> **INFORMATION PROVIDED**:
----------

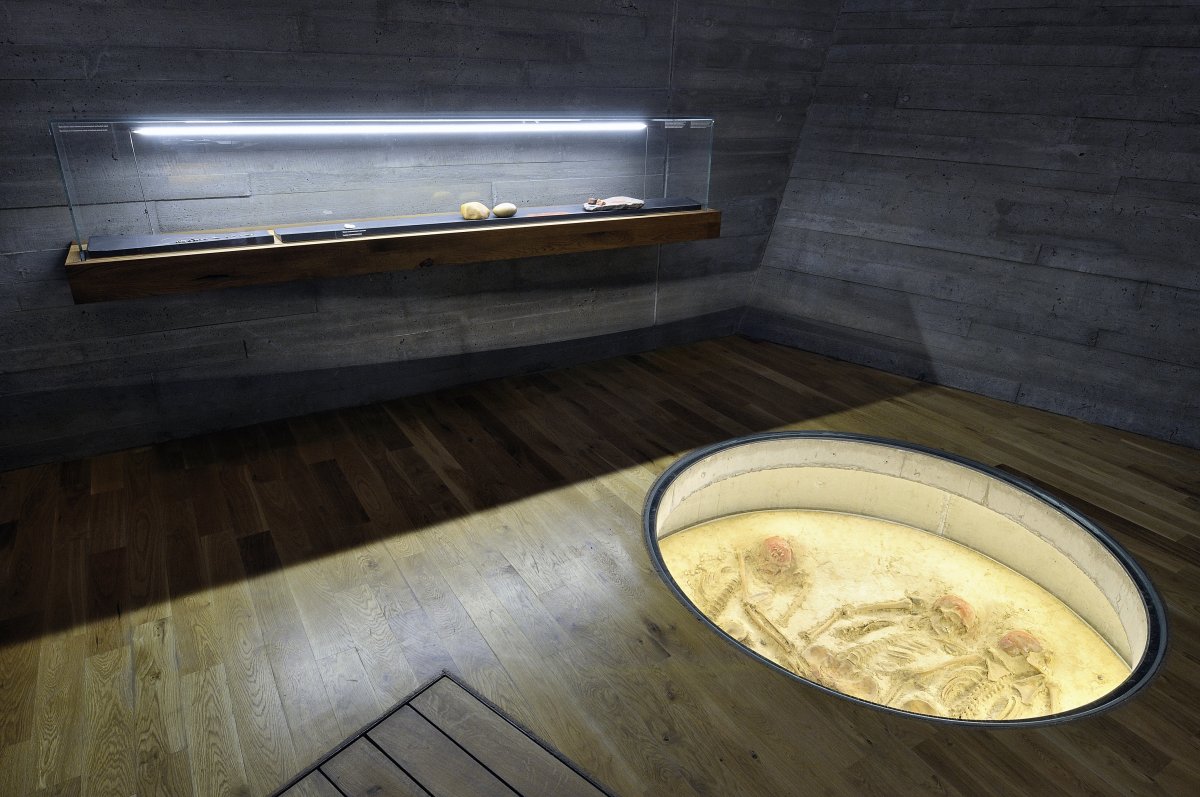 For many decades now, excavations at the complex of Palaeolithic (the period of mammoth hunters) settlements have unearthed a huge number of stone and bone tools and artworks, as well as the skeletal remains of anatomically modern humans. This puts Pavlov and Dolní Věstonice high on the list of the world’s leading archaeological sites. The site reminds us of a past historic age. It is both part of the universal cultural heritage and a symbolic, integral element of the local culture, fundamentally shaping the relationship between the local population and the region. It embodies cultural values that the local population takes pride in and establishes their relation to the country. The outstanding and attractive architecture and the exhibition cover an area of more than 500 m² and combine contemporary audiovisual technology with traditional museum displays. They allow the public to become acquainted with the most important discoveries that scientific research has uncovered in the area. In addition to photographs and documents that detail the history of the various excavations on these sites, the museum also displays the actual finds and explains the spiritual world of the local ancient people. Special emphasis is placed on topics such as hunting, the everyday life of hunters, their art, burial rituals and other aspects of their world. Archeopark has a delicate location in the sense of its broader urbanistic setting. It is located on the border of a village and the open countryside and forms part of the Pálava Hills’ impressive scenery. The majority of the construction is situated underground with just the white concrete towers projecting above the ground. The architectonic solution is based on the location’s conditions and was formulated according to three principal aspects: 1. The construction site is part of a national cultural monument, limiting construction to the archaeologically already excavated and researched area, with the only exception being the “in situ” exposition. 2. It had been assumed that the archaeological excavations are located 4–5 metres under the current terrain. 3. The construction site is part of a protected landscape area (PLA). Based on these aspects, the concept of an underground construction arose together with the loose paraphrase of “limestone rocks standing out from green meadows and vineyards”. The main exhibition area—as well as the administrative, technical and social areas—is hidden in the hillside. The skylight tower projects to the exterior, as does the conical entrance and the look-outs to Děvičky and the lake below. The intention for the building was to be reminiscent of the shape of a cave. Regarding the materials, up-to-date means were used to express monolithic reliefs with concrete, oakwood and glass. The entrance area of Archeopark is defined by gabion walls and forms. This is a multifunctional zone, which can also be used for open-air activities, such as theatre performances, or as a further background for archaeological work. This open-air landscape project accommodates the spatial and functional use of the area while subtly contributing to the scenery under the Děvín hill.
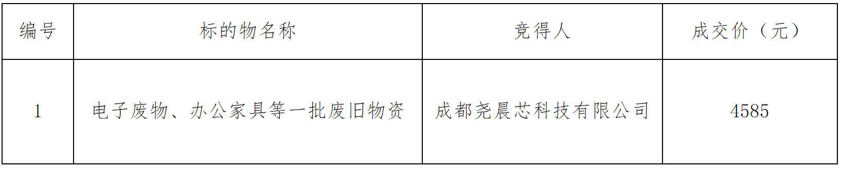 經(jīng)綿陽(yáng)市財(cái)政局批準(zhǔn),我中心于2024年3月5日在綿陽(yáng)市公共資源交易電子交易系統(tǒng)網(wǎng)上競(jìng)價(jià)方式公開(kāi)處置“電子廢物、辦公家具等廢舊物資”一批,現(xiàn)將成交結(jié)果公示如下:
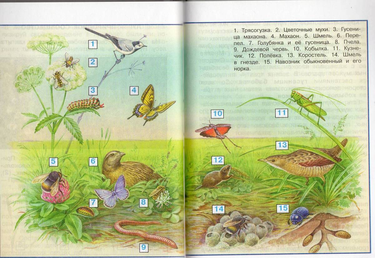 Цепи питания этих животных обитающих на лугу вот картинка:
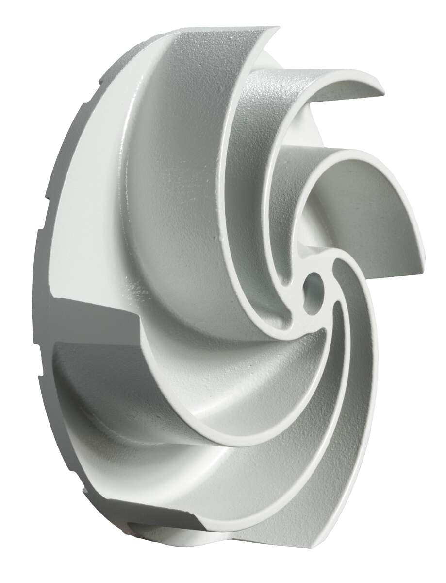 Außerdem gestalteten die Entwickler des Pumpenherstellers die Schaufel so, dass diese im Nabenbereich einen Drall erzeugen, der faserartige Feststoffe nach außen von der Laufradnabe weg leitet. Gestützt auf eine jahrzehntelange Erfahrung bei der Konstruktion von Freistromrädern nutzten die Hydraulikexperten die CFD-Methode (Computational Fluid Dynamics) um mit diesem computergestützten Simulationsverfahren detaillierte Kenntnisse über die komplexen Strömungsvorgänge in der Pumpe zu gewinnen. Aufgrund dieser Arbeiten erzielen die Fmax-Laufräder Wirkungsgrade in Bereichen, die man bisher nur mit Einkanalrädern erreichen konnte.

----------

> **EXERCISE AIM**: Using the data above, write out every line exactly, leaving the images behind.

> **TASK OUTPUT**:
 For many decades now, excavations at the complex of Palaeolithic (the period of mammoth hunters) settlements have unearthed a huge number of stone and bone tools and artworks, as well as the skeletal remains of anatomically modern humans. This puts Pavlov and Dolní Věstonice high on the list of the world’s leading archaeological sites. The site reminds us of a past historic age. It is both part of the universal cultural heritage and a symbolic, integral element of the local culture, fundamentally shaping the relationship between the local population and the region. It embodies cultural values that the local population takes pride in and establishes their relation to the country. The outstanding and attractive architecture and the exhibition cover an area of more than 500 m² and combine contemporary audiovisual technology with traditional museum displays. They allow the public to become acquainted with the most important discoveries that scientific research has uncovered in the area. In addition to photographs and documents that detail the history of the various excavations on these sites, the museum also displays the actual finds and explains the spiritual world of the local ancient people. Special emphasis is placed on topics such as hunting, the everyday life of hunters, their art, burial rituals and other aspects of their world. Archeopark has a delicate location in the sense of its broader urbanistic setting. It is located on the border of a village and the open countryside and forms part of the Pálava Hills’ impressive scenery. The majority of the construction is situated underground with just the white concrete towers projecting above the ground. The architectonic solution is based on the location’s conditions and was formulated according to three principal aspects: 1. The construction site is part of a national cultural monument, limiting construction to the archaeologically already excavated and researched area, with the only exception being the “in situ” exposition. 2. It had been assumed that the archaeological excavations are located 4–5 metres under the current terrain. 3. The construction site is part of a protected landscape area (PLA). Based on these aspects, the concept of an underground construction arose together with the loose paraphrase of “limestone rocks standing out from green meadows and vineyards”. The main exhibition area—as well as the administrative, technical and social areas—is hidden in the hillside. The skylight tower projects to the exterior, as does the conical entrance and the look-outs to Děvičky and the lake below. The intention for the building was to be reminiscent of the shape of a cave. Regarding the materials, up-to-date means were used to express monolithic reliefs with concrete, oakwood and glass. The entrance area of Archeopark is defined by gabion walls and forms. This is a multifunctional zone, which can also be used for open-air activities, such as theatre performances, or as a further background for archaeological work. This open-air landscape project accommodates the spatial and functional use of the area while subtly contributing to the scenery under the Děvín hill.
 經(jīng)綿陽(yáng)市財(cái)政局批準(zhǔn),我中心于2024年3月5日在綿陽(yáng)市公共資源交易電子交易系統(tǒng)網(wǎng)上競(jìng)價(jià)方式公開(kāi)處置“電子廢物、辦公家具等廢舊物資”一批,現(xiàn)將成交結(jié)果公示如下:
 Цепи питания этих животных обитающих на лугу вот картинка:
 Außerdem gestalteten die Entwickler des Pumpenherstellers die Schaufel so, dass diese im Nabenbereich einen Drall erzeugen, der faserartige Feststoffe nach außen von der Laufradnabe weg leitet. Gestützt auf eine jahrzehntelange Erfahrung bei der Konstruktion von Freistromrädern nutzten die Hydraulikexperten die CFD-Methode (Computational Fluid Dynamics) um mit diesem computergestützten Simulationsverfahren detaillierte Kenntnisse über die komplexen Strömungsvorgänge in der Pumpe zu gewinnen. Aufgrund dieser Arbeiten erzielen die Fmax-Laufräder Wirkungsgrade in Bereichen, die man bisher nur mit Einkanalrädern erreichen konnte.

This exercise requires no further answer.